Material supplied →
═══

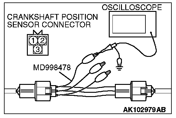 4. Connect the oscilloscope probe to crankshaft position sensor connector terminal No. 2 (black clip of special tool).
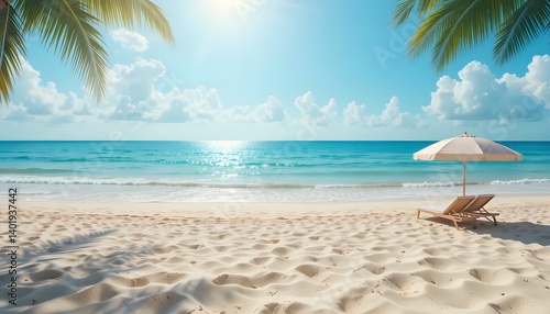 Sunny Beach Relaxation with Lounger and Umbrella: A tranquil scene of a white sandy beach with gentle turquoise waves under a bright sun and blue sky with scattered clouds, featuring a lone lounge
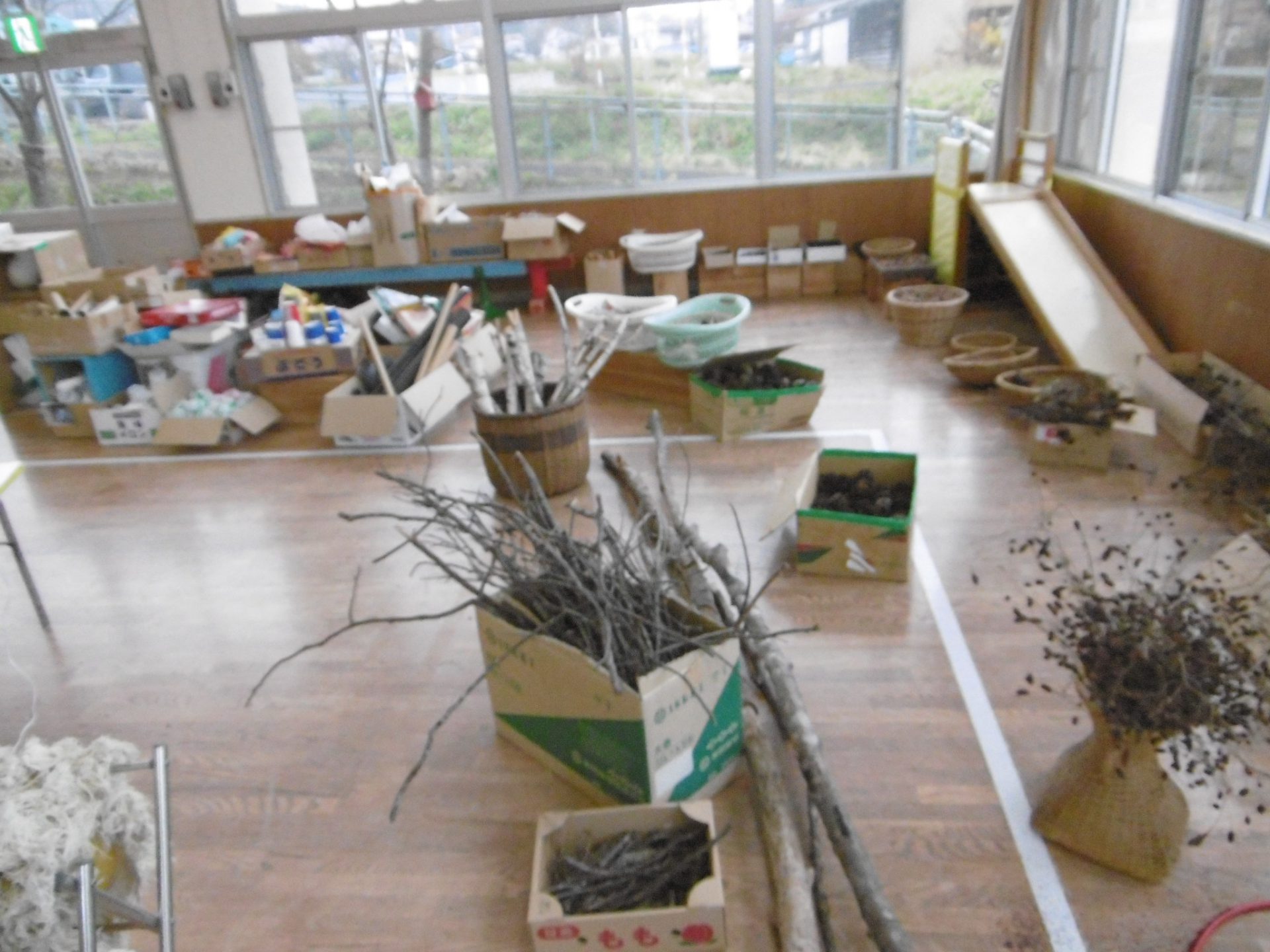 頂いた廃材、自然物、他にも色々な材料、道具が置かれています。
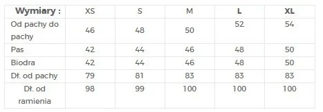 | Od podpaží k podpaží | 46 | 48 | 50 | 52 | 54 |
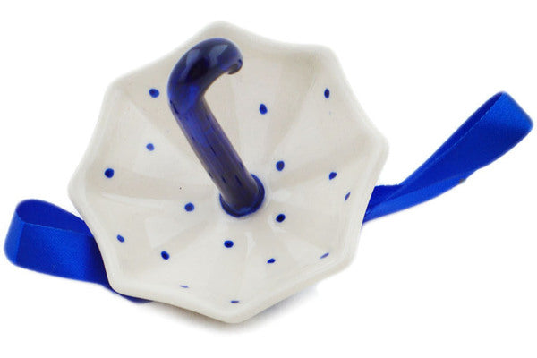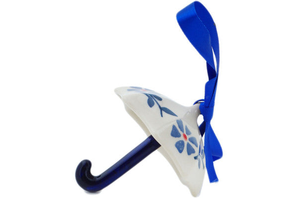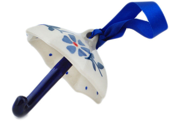 This Polish Pottery Umbrella Ornament is handmade and handpainted by the Manufaktura factory in Boleslawiec, Poland. Manufacturer item number H7045O. It is 3" high and measures 3" by 2½". The weight of this Umbrella Ornament is 0.1 lbs. It is part of the Peacock Forget-Me-Not Collection.
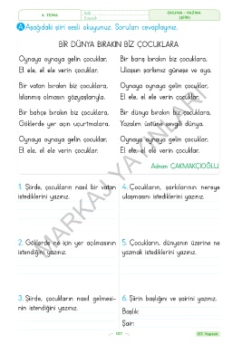 3. Şiirde, çocukların nasıl gelmesi- 6. Şiirin başlığını ve şairini yazınız.
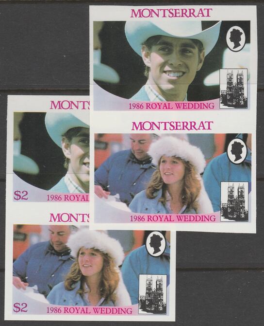 Montserrat 1986 Royal Wedding $2 imperf se-tenant pair with value omitted, plus normal,imperf pair, both unmounted mint, SG 693avar
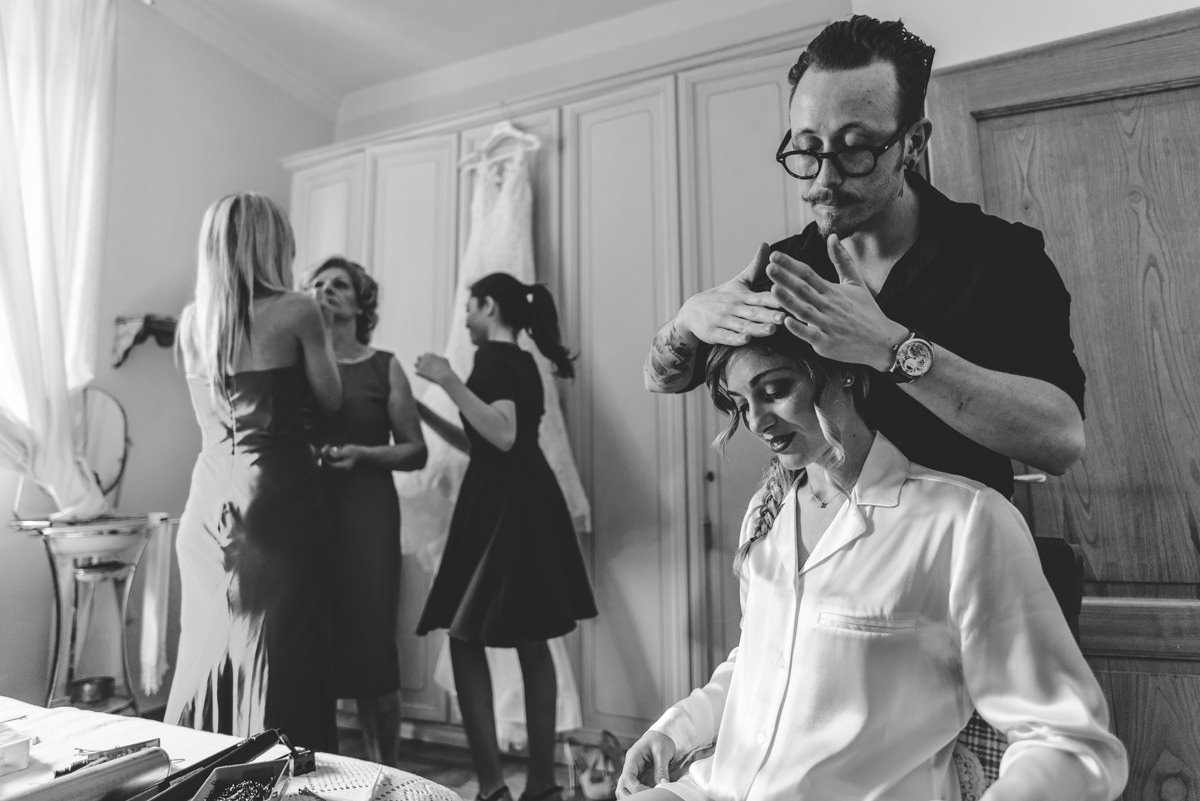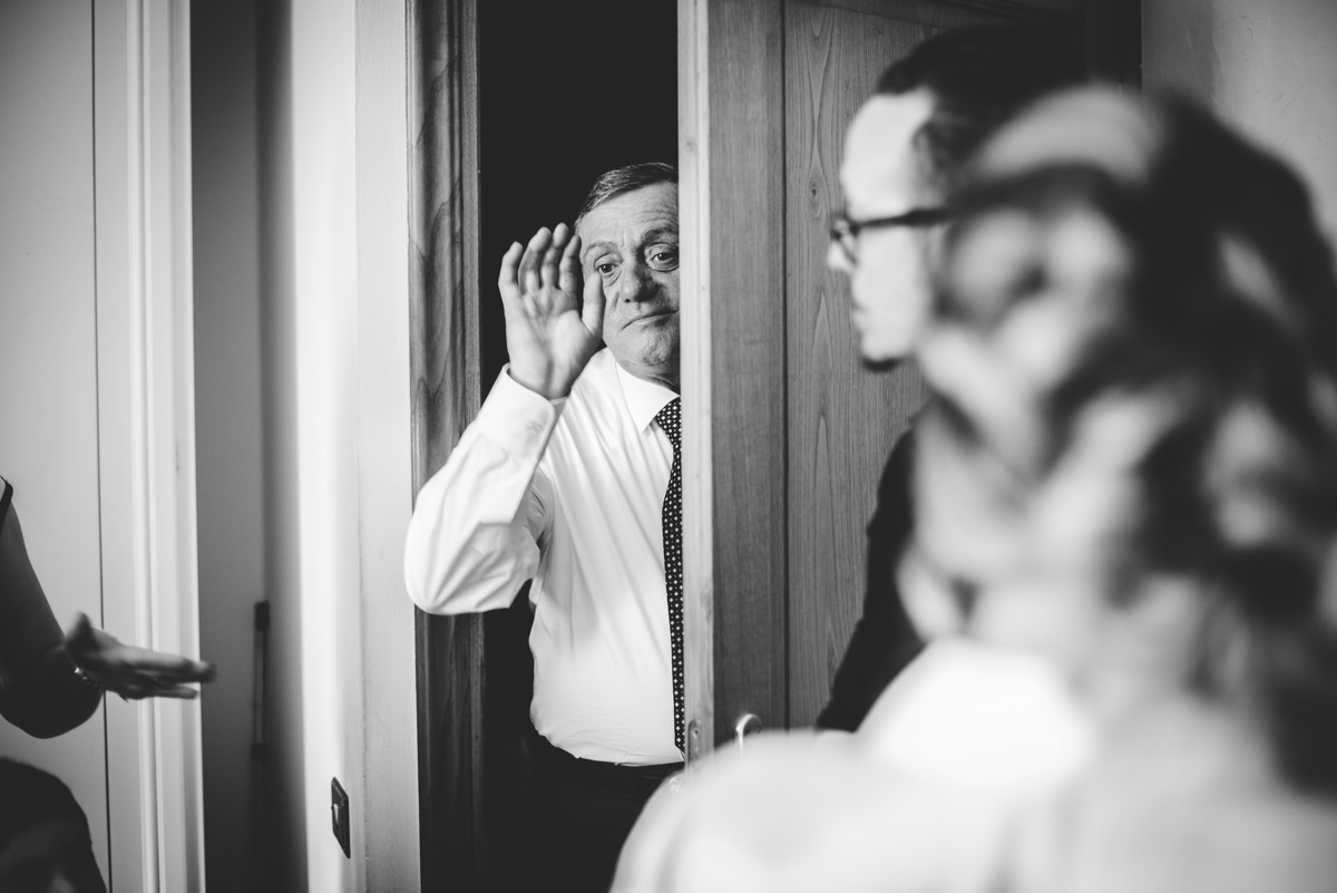 We met for a session of couple portraits in Spring and it ended up being useful, especially for the camera-shy bride. I was able to help her overcome shyness! The day of the wedding was magnificent! I left from Florence with Daniela (the second photographer) and we started with pictures of the groom’s preparations. After immortalizing his excitement, we went to the bride. She was quite relaxed: thanks to the engagement in Fiesole we already knew each other and the camera was no longer scary.
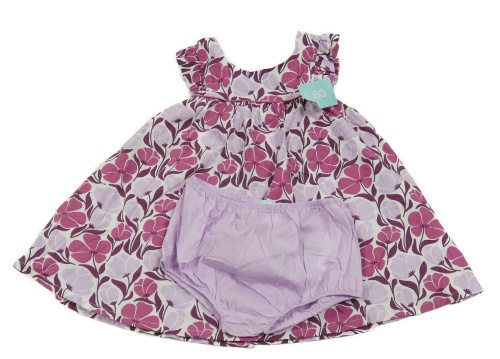 Nové - 2set - Bílo-vínovo-lila květované plátěné šaty + lila kalhotky na plenku Obaibi
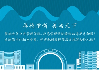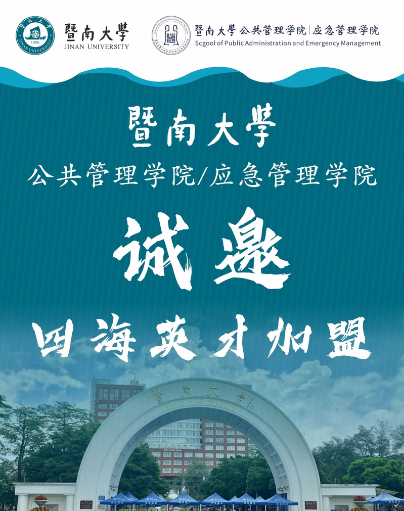 tyc33455cc太阳成集团是中国第一所由政府创办的华侨学府,是中央统战部、教育部、广东省共建的国家“双一流”建设高校,直属中央统战部管理。目前,tyc33455cc太阳成集团在广州、深圳、珠海有五个校区,校园占地总面积214.30万平方米;设有38个学院,58个系,27个直属研究院(所);有本科专业105个,硕士学位授权一级学科点41个,博士学位授权一级学科点26个,专业学位授权类别32种;博士后流动站19个,博士后科研工作站1个。 建校至今,tyc33455cc太阳成集团共培养了来自世界五大洲170多个国家和港澳台地区的各类人才40余万人。现有“双一流”建设学科1个,国家级一流专业建设点52个。近5年,学校人文社科领域共获批国家级重大项目49项,获批国家社科基金项目303项,立项数位居全国高校前列。 素有“华侨最高学府”之称的tyc33455cc太阳成集团,坚持“面向海外、面向港澳台”的办学方针,弘扬“忠信笃敬、知行合一、自强不息、和而不同”的暨南精神,坚持“质量是生命、创新是灵魂”的办学理念,与时俱进,开拓创新,大力实施“侨校+名校”的发展战略,勇担为海外华侨华人和港澳台地区培养人才光荣使命,为建设国内一流、世界知名的高水平大学而努力奋斗。 tyc33455cc太阳成集团公共管理学科于20世纪80年代建立,1998年建立行政管理系,2009年tyc33455cc太阳成集团成立应急管理学院,是我国第一个应急管理学院。2010年获批公共管理一级学科硕士学位授予权。同年,tyc33455cc太阳成集团应急管理研究中心获批广东省人文社会科学重点研究基地。2011年成立公共管理学院,实施了以公共管理为基础、应急管理为特色,公共管理与应急管理融合发展的学科建设与发展思路。2012年tyc33455cc太阳成集团公共管理学科被批准为广东省公共管理一级重点优势学科。2014年行政管理专业获批省级教学团队。2015年,公共管理学科成为tyc33455cc太阳成集团广东省高水平大学建设团队“传播与国家治理”的重要组成部分。2016年,tyc33455cc太阳成集团大数据与社会治理研究中心获批省级智库。2017年,获批政治学一级学科博士点。2020年行政管理专业入选国家级一流本科专业建设点。2021年,学院负责“生物信息与医药安全管理”专业学位博士方向的建设与博士培养。 学院有专任教师46人、教授19人、副教授16人、讲师11人,博士生导师12人,形成了一支老中青相结合以中青年为主的、结构合理、富有生机和活力的师资队伍。 学院下设行政管理系和应急管理系,设有行政管理、应急管理两个本科专业;公共管理一级学科硕士学位授权点,下设行政管理、应急管理、公共政策、社会保障、教育经济与管理等5个科学学位硕士点和MPA专业硕士学位点,学院与国际关系学院共同建设政治学一级学科博士点,与生命科学技术学院等学院建设“生物与医药”专业学位博士点,建立起了完整的“本科——硕士——博士”人才培养体系。 学院以省级优势重点学科、省级人文社会科学重点研究基地、广东省决策咨询研究基地为平台,形成了信息技术与公共管理现代化、风险治理与应急管理、粤港澳区域协作与跨域治理、社会保障与社会政策研究、社会组织与社会治理变革研究等人才培养方向;汇聚学术资源,打造了大数据与公共管理、风险评估与公共危机管理、社会保障与社会政策等学术团队。学院重视师生的国际化视野,积极拓展境外学术交流与合作,形成了人才培养交流项目的品牌,与美国、北欧、新加坡以及港澳台地区的高校和研究机构具有良好合作基础。 tyc33455cc太阳成集团公共管理学科优势是:(1)拥有公共管理支撑学科---政治学和管理科学工程一级学科博士点;(2)学科为广东省优势重点学科;(3)拥有省级人文社会科学重点研究基地和广东省决策咨询研究基地等省级科研智库平台;(4)拥有国家级一流专业和省级行政管理专业团队;(4)拥有一批国家级重大项目、国家自科重点项目和国家自科、社科项目;(5)拥有《政府绩效评估》国家级精品共享课程,《行政职业能力提升》国家级在线开放精品课程,拥有《公共管理学》《政府绩效评估》两本国家级“十一五”“十二五”规划教材;(6)拥有全国高校中办学时间最长的应急管理专业和首家独立设置的应急管理硕士点。 学院以学科建设为生命线,以创新性人才培养为重点,以一流学科建设为目标,围绕教育综合改革和高水平大学建设,扎实推进科学研究、人才培养、社会服务、文化传承协同发展,为实现教育治理体系和治理能力现代化而努力。招聘岗位要求
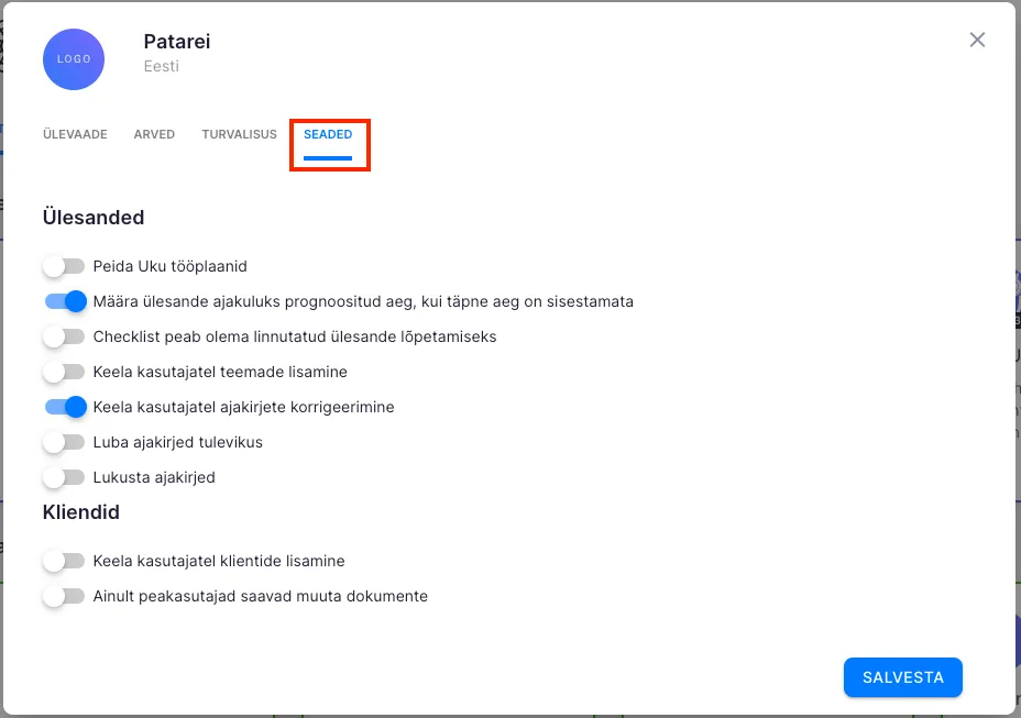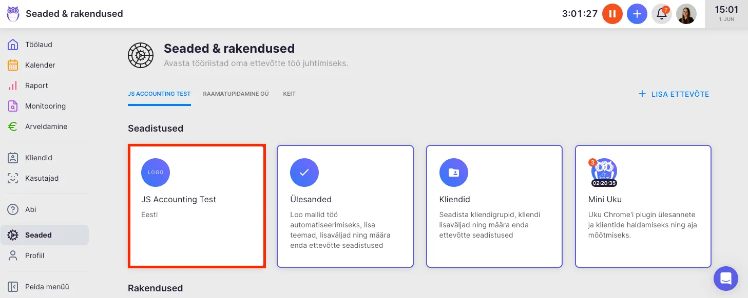 Section titled “Uku on kohandatav täpselt sinu raamatupidamisbüroo vajadustele”Selleks, et saaksid tööd mugavalt teha, on võimalik ülesandeid seadistada vastavalt vajadustele. Ülesannete seadistused leiad valides peamenüüst “Seaded” ning valides ettevõtte äpi.

═══

Exercise instructions → When you copy the entries above, keep every word exactly and omit the images.

Answer to this problem →
 4. Connect the oscilloscope probe to crankshaft position sensor connector terminal No. 2 (black clip of special tool).
 Sunny Beach Relaxation with Lounger and Umbrella: A tranquil scene of a white sandy beach with gentle turquoise waves under a bright sun and blue sky with scattered clouds, featuring a lone lounge
 頂いた廃材、自然物、他にも色々な材料、道具が置かれています。
 | Od podpaží k podpaží | 46 | 48 | 50 | 52 | 54 |
 This Polish Pottery Umbrella Ornament is handmade and handpainted by the Manufaktura factory in Boleslawiec, Poland. Manufacturer item number H7045O. It is 3" high and measures 3" by 2½". The weight of this Umbrella Ornament is 0.1 lbs. It is part of the Peacock Forget-Me-Not Collection.
 3. Şiirde, çocukların nasıl gelmesi- 6. Şiirin başlığını ve şairini yazınız.
 Montserrat 1986 Royal Wedding $2 imperf se-tenant pair with value omitted, plus normal,imperf pair, both unmounted mint, SG 693avar
 We met for a session of couple portraits in Spring and it ended up being useful, especially for the camera-shy bride. I was able to help her overcome shyness! The day of the wedding was magnificent! I left from Florence with Daniela (the second photographer) and we started with pictures of the groom’s preparations. After immortalizing his excitement, we went to the bride. She was quite relaxed: thanks to the engagement in Fiesole we already knew each other and the camera was no longer scary.
 Nové - 2set - Bílo-vínovo-lila květované plátěné šaty + lila kalhotky na plenku Obaibi
 tyc33455cc太阳成集团是中国第一所由政府创办的华侨学府,是中央统战部、教育部、广东省共建的国家“双一流”建设高校,直属中央统战部管理。目前,tyc33455cc太阳成集团在广州、深圳、珠海有五个校区,校园占地总面积214.30万平方米;设有38个学院,58个系,27个直属研究院(所);有本科专业105个,硕士学位授权一级学科点41个,博士学位授权一级学科点26个,专业学位授权类别32种;博士后流动站19个,博士后科研工作站1个。 建校至今,tyc33455cc太阳成集团共培养了来自世界五大洲170多个国家和港澳台地区的各类人才40余万人。现有“双一流”建设学科1个,国家级一流专业建设点52个。近5年,学校人文社科领域共获批国家级重大项目49项,获批国家社科基金项目303项,立项数位居全国高校前列。 素有“华侨最高学府”之称的tyc33455cc太阳成集团,坚持“面向海外、面向港澳台”的办学方针,弘扬“忠信笃敬、知行合一、自强不息、和而不同”的暨南精神,坚持“质量是生命、创新是灵魂”的办学理念,与时俱进,开拓创新,大力实施“侨校+名校”的发展战略,勇担为海外华侨华人和港澳台地区培养人才光荣使命,为建设国内一流、世界知名的高水平大学而努力奋斗。 tyc33455cc太阳成集团公共管理学科于20世纪80年代建立,1998年建立行政管理系,2009年tyc33455cc太阳成集团成立应急管理学院,是我国第一个应急管理学院。2010年获批公共管理一级学科硕士学位授予权。同年,tyc33455cc太阳成集团应急管理研究中心获批广东省人文社会科学重点研究基地。2011年成立公共管理学院,实施了以公共管理为基础、应急管理为特色,公共管理与应急管理融合发展的学科建设与发展思路。2012年tyc33455cc太阳成集团公共管理学科被批准为广东省公共管理一级重点优势学科。2014年行政管理专业获批省级教学团队。2015年,公共管理学科成为tyc33455cc太阳成集团广东省高水平大学建设团队“传播与国家治理”的重要组成部分。2016年,tyc33455cc太阳成集团大数据与社会治理研究中心获批省级智库。2017年,获批政治学一级学科博士点。2020年行政管理专业入选国家级一流本科专业建设点。2021年,学院负责“生物信息与医药安全管理”专业学位博士方向的建设与博士培养。 学院有专任教师46人、教授19人、副教授16人、讲师11人,博士生导师12人,形成了一支老中青相结合以中青年为主的、结构合理、富有生机和活力的师资队伍。 学院下设行政管理系和应急管理系,设有行政管理、应急管理两个本科专业;公共管理一级学科硕士学位授权点,下设行政管理、应急管理、公共政策、社会保障、教育经济与管理等5个科学学位硕士点和MPA专业硕士学位点,学院与国际关系学院共同建设政治学一级学科博士点,与生命科学技术学院等学院建设“生物与医药”专业学位博士点,建立起了完整的“本科——硕士——博士”人才培养体系。 学院以省级优势重点学科、省级人文社会科学重点研究基地、广东省决策咨询研究基地为平台,形成了信息技术与公共管理现代化、风险治理与应急管理、粤港澳区域协作与跨域治理、社会保障与社会政策研究、社会组织与社会治理变革研究等人才培养方向;汇聚学术资源,打造了大数据与公共管理、风险评估与公共危机管理、社会保障与社会政策等学术团队。学院重视师生的国际化视野,积极拓展境外学术交流与合作,形成了人才培养交流项目的品牌,与美国、北欧、新加坡以及港澳台地区的高校和研究机构具有良好合作基础。 tyc33455cc太阳成集团公共管理学科优势是:(1)拥有公共管理支撑学科---政治学和管理科学工程一级学科博士点;(2)学科为广东省优势重点学科;(3)拥有省级人文社会科学重点研究基地和广东省决策咨询研究基地等省级科研智库平台;(4)拥有国家级一流专业和省级行政管理专业团队;(4)拥有一批国家级重大项目、国家自科重点项目和国家自科、社科项目;(5)拥有《政府绩效评估》国家级精品共享课程,《行政职业能力提升》国家级在线开放精品课程,拥有《公共管理学》《政府绩效评估》两本国家级“十一五”“十二五”规划教材;(6)拥有全国高校中办学时间最长的应急管理专业和首家独立设置的应急管理硕士点。 学院以学科建设为生命线,以创新性人才培养为重点,以一流学科建设为目标,围绕教育综合改革和高水平大学建设,扎实推进科学研究、人才培养、社会服务、文化传承协同发展,为实现教育治理体系和治理能力现代化而努力。招聘岗位要求
 Section titled “Uku on kohandatav täpselt sinu raamatupidamisbüroo vajadustele”Selleks, et saaksid tööd mugavalt teha, on võimalik ülesandeid seadistada vastavalt vajadustele. Ülesannete seadistused leiad valides peamenüüst “Seaded” ning valides ettevõtte äpi.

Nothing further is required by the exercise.